105 In dottrina si esprime efficacemente questo concetto affermando che l’omissione è un concetto di carattere normativo e di relazione che si sostanzia nel non facere quod debeatur: CARACCIOLI I., Omissione (voce), in Noviss. dig. it ., Vol. XI, Torino, 1965, p. 895.

Nell’assetto dell’attuale legislazione psichiatrica, in seguito all’abrogazione espressa delle ipotesi omissive comprese nell’originaria rubrica del codice penale “Contravvenzioni concernenti la custodia di alienati di mente, di minori o di persone detenute” (libro III, titolo I, capo I, sezione III, paragrafo 6), non sussistono più previsioni legislative che consentano l’operatività di questo primo meccanismo.

Il secondo meccanismo che consente l’attivazione di una risposta penalistica dinanzi ad un’omissione fa invece perno sulla clausola generale dell’art. 40, comma 2, c.p. (“non impedire un evento, che si ha l’obbligo giuridico di impedire, equivale a cagionarlo”). È questo il meccanismo che rileva nell’ambito della responsabilità penale dello psichiatra (fatta eccezione per i rari casi in cui si ricorre alle fattispecie dolose cui si è fatto cenno nel capitolo precedente). Il terapeuta dunque è essenzialmente chiamato a rispondere per un reato omissivo improprio, che contravviene all’obbligo di impedire un evento tipico descritto da una fattispecie commissiva-base.

In adesione ad una concezione funzionale dell’obbligo di impedire l’evento si sostiene che l’equivalenza tra “cagionare” e “non impedire” debba essere sorretta da una “posizione di garanzia” nei confronti dell’interesse tutelato, gravante in capo al soggetto della cui responsabilità si discute e che si sostanzia un uno speciale vincolo derivante dall’incapacità del titolare del bene di provvedere autonomamente alla sua salvaguardia107.

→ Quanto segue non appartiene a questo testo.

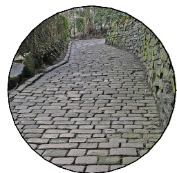
dlážděná pěšina, šířka 1,5m

Nella dottrina penalistica in materia di posizione di garanzia si prospetta una catalogazione che distingue tra posizioni c.d. di “controllo” (dirette alla neutralizzazione di fonti di pericolo determinate e di conseguenza alla tutela di tutti i titolari di interessi protetti suscettibili di essere minacciati da tali fonti di pericolo) e

posizioni c.d. di “protezione” (finalizzate alla neutralizzazione di tutti i pericoli in grado di minacciare specifici interessi protetti).108

La classificazione della posizione del medico psichiatra nel quadro teorico prospettato (in termini di posizione di protezione o di controllo) costituisce una delle questioni più discusse della materia de qua.